Recently, he sent a somber letter to the 1,000 bakeries he serves. “Dear customers,” it began. “Never has the price of commodities and energy been as high as it is today. We are obliged to raise our prices on Nov. 1. We encourage you to raise your prices to make up the difference — 10 cents per baguette is reasonable.”

At a popular bakery in the leafy village of Crécy-la-Chapelle, 40 minutes north of Mr. Bourgeois’s mills, the owners, Serge and Marie Pinguet, were trying to postpone that fateful day.

“In France, when bread prices in the corner bakery rise even 5 centimes, people notice it immediately,” Ms. Pinguet said as a line of customers, drawn by the scent of freshly baked baguettes, snaked out the door.

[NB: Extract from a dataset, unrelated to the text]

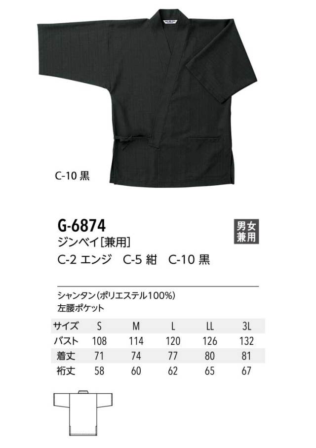 飲食サービス系ユニフォーム アルベ arbe チトセ chitose 兼用 ジンベイ G-6874 通年

The couple aren’t raising baguette prices for now, out of fear that even loyal customers might turn to supermarkets. But they are increasing the price for croissants and pastries to make up the difference.

“Prices are changing so fast,” said Mr. Pinguet, who comes in at 2 am every day to start making bread dough for the morning rush. The cost of butter doubled in one year, to €12 a kilo, he said, while sugar now costs 30 percent more. Mr. Pinguet now pays €78 for a carton of 360 eggs, up from €39.

While the sacred baguette is still affordable, he said, “all commodities have risen, so prices will keep going up, not just this year but probably for the next two to three.”

“And when prices rise too much, people won’t be able to buy,” Mr. Pinguet said. “It’s a vicious circle.”